Parsing Product Images to Populate 1C-Bitrix
A catalog without images does not convert. Uploading photos manually for 3,000+ SKUs takes weeks. Parsing images from manufacturer or supplier websites closes the gap in 1–3 days — provided the download process, quality checks, and attachment to infoblock elements are handled correctly.
How 1C-Bitrix stores product images
Images are stored in the b_file table, physically in /upload/iblock/. An infoblock element is linked to an image via the following fields:
-
PREVIEW_PICTURE— thumbnail for listings (ID of the record in b_file) -
DETAIL_PICTURE— main photo for the product card - Property of type
F(file) orG(gallery) — for additional images
For a gallery, use a property of type F with the MULTIPLE = Y flag. The standard bitrix:catalog.element component reads images from this property.
Downloading and saving images
Step 1: download the file
$imageData = file_get_contents($imageUrl);
// or via Guzzle with timeout and retry
Step 2: save via CFile::MakeFileArray()
$tmpFile = tempnam(sys_get_temp_dir(), 'img_');
file_put_contents($tmpFile, $imageData);
$fileArray = CFile::MakeFileArray($tmpFile);
$fileArray['name'] = $filename;
$fileId = CFile::SaveFile($fileArray, 'iblock');
Step 3: attach to the element
CIBlockElement::SetPropertyValuesEx($elementId, $iblockId, [
'MORE_PHOTO' => ['n0' => ['VALUE' => $fileId]]
]);
For multiple images, use indexes n0, n1, n2, etc.

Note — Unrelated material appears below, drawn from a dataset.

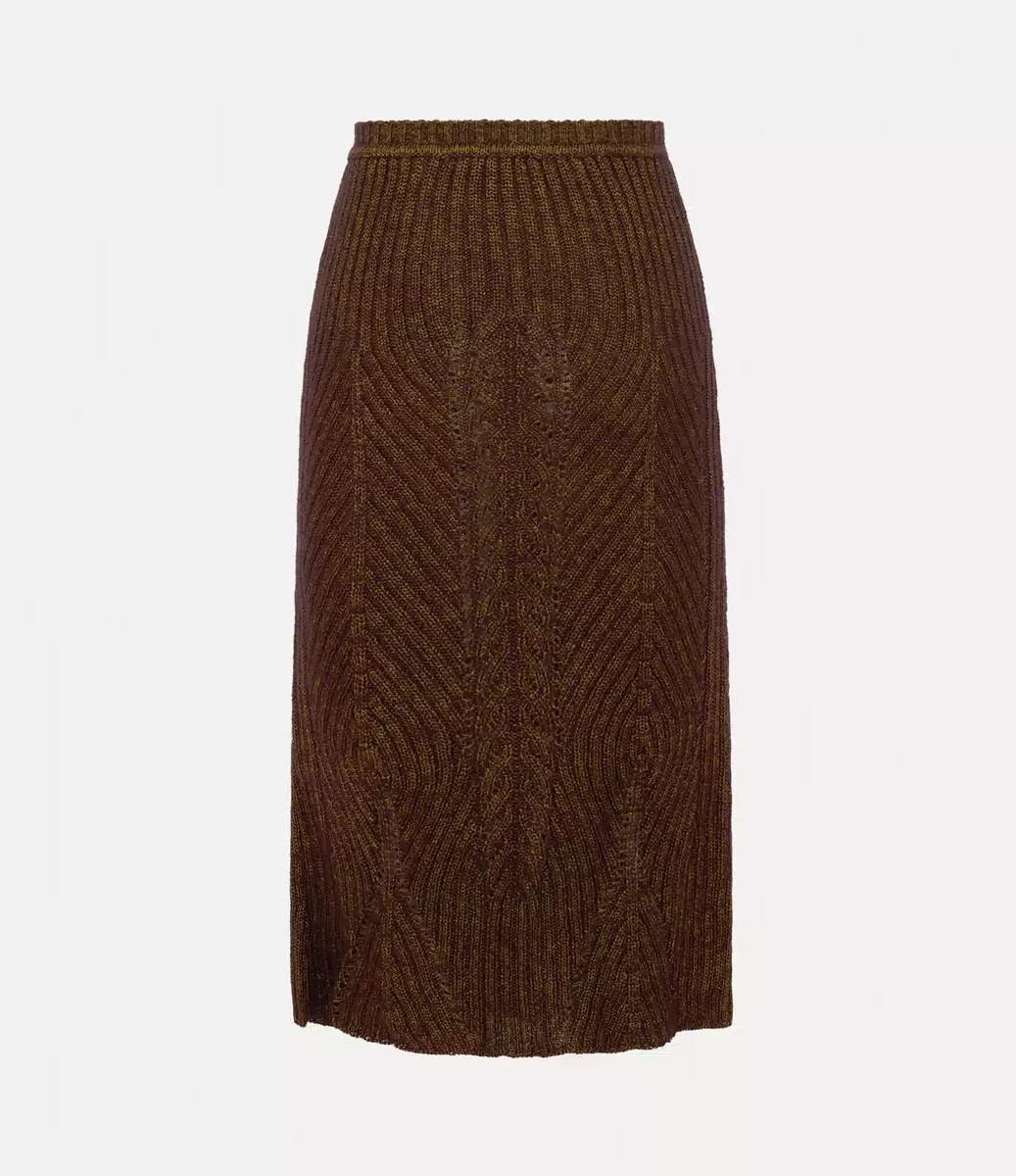 The mid-length Mary skirt is crafted from a silk-mohair blend and features a unique mix of herringbone and rib-knit stitches. The design offers a ribbed waistband and a subtle A-line silhouette, shaped by the knit structure. The multi-colored embroidered orb on the hemline reflects the house’s ethos of taking the past into the future.
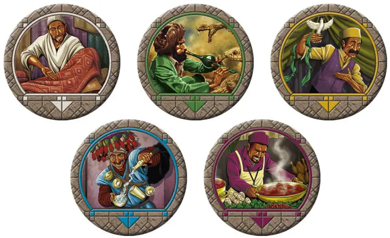 In Morocco, players represent ancient families of artisans - snake charmers, water sellers, rug merchants, magicians, and food sellers - carrying on the ancient traditions of the world famous Jemaa el-Fna market square in Marrakech, Morocco.

Issues when downloading images
Image rights — legally, you must confirm the right to use the photos. Manufacturer images can generally be used to sell their products — but verify the terms.
Hotlink protection — source sites may check the Referer header. Pass the correct header:
$client->get($url, ['headers' => ['Referer' => 'https://source-site.com']]);
Image quality — not all found photos are usable. Check minimum dimensions before saving:
$imageInfo = getimagesizefromstring($imageData);
if ($imageInfo[0] < 300 || $imageInfo[1] < 300) continue; // skip small images
Duplicates — the same URL appearing on different pages. Cache already-downloaded URL → file_id pairs in memory or a table.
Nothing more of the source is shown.